What I find fascinating as a computer engineer is that this is all my profession's fault. We've built an amazing infrastructure of information plumbing to allow the financial system to operate on auto-pilot, without those pesky humans sucking up salaries and slowing the whole process down. The late lamented Tanta opened my eyes to how the job of a mortgage underwriter had changed from being a gatekeeper, almost a detective trying to sniff out risky loans, to someone whose focus was making sure that the submitted forms matched the criteria set in the computer programs they now used to grade loans. In a very literal sense these programs are artificial intelligences, expert systems that try to mechanize the thought process that we used to rely on loan officers to go through.

These loans were then bundled and sold as securities based on complex computer models based on historical data (which didn't include falling house prices). These securities were then bought and resold by investors using their own complex trading programs. This was all in the debt market, but the same takeover of decisions by software occurred in equities, and the end result is a system composed of hundreds of thousands of different programs all talking to each other and making enormous financial decisions on their owner's behalf. What's truly scary about this size of system is that it's reached a scale where it's so complex that it's impossible to understand why anything happened. That's what worries me about the May 3rd crash, it's the first time a vital information system we've built has proved too complex to debug. In the pre-computer world, you could just interview everyone who bought or sold on the daya of a crash and ask them why they took action. We can't do that with our programs, which is why the crash will remain a mystery.

In another part of Deepness, Vinge describes a civilization whose systems have reached the point where they're so entangled and baroque that nobody can fix them when they crash, and the whole world is destined to collapse. Again I couldn't picture that when I first read it, but now I can. In the financial crisis we had cargoes that couldn't be shipped because the standard letters of credit between banks were no longer being honored. Our fundamental mechanisms for delivering food were taken out by problems in our financial information systems!
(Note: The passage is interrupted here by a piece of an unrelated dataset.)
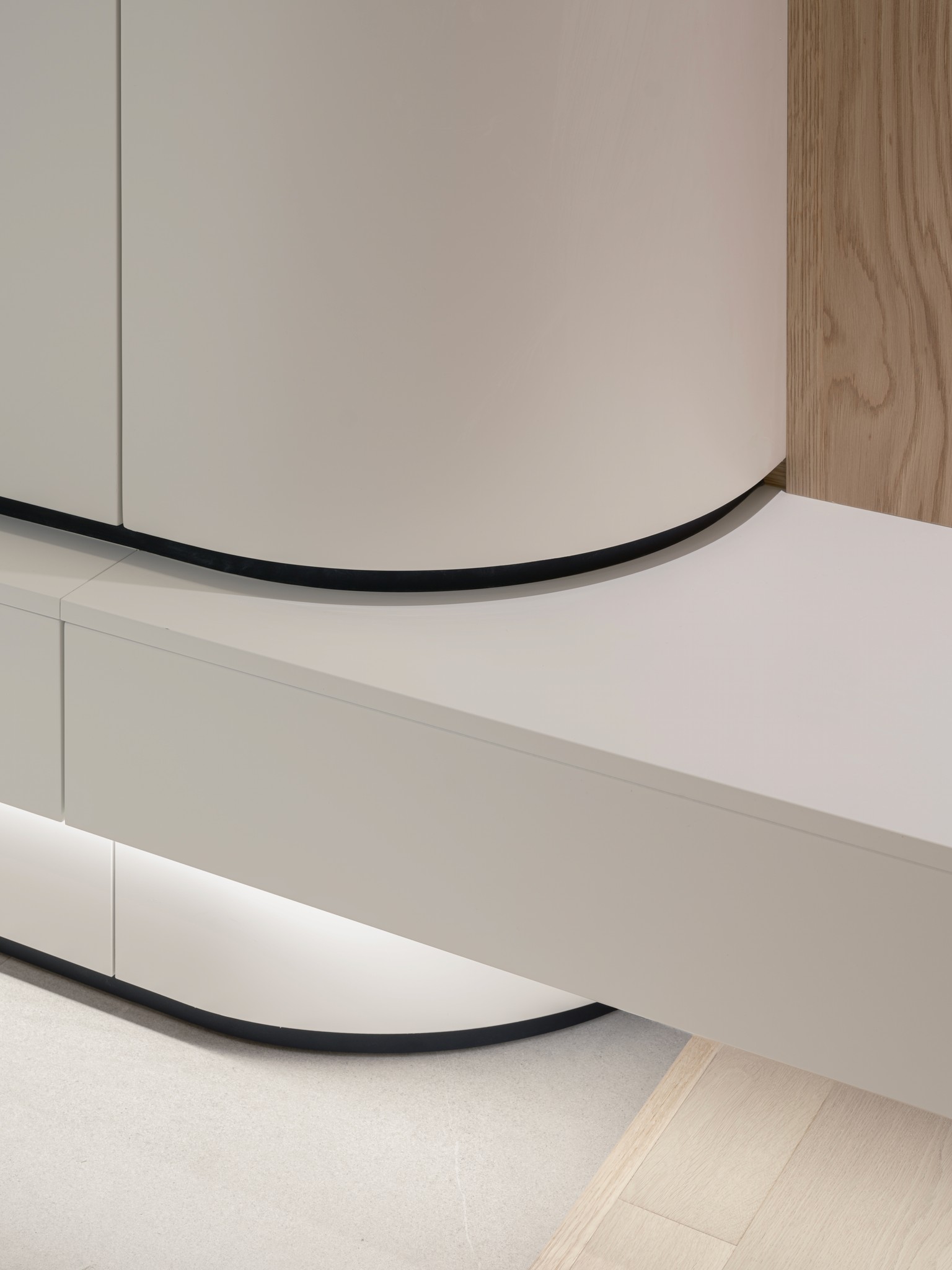 Rounded corners and softly curved ceiling lines ease spatial tension and guide movement naturally. These curved elements contrast with the linear structure, creating a balanced spatial composition.

Our AIs don't need to become self-aware to turn into Skynet, they're quite capable of causing serious damage just as they are.

So how can we fix this? As a start we need all programs making financial decisions to produce a clear audit trail in a standard format, explaining not only what actions they took but why. With this sort of log available for every market participant, forensic investigators would be able to build a picture of the cause of events like May 3rd. It may well prove to be impossible for some existing code to come up with meaningful reasons for its decision tree, but that's a feature of this proposal, not a bug. If the operators can't justify the actions of the programs they're running, then that's a clear sign they're too dangerous to be interfacing with our financial system.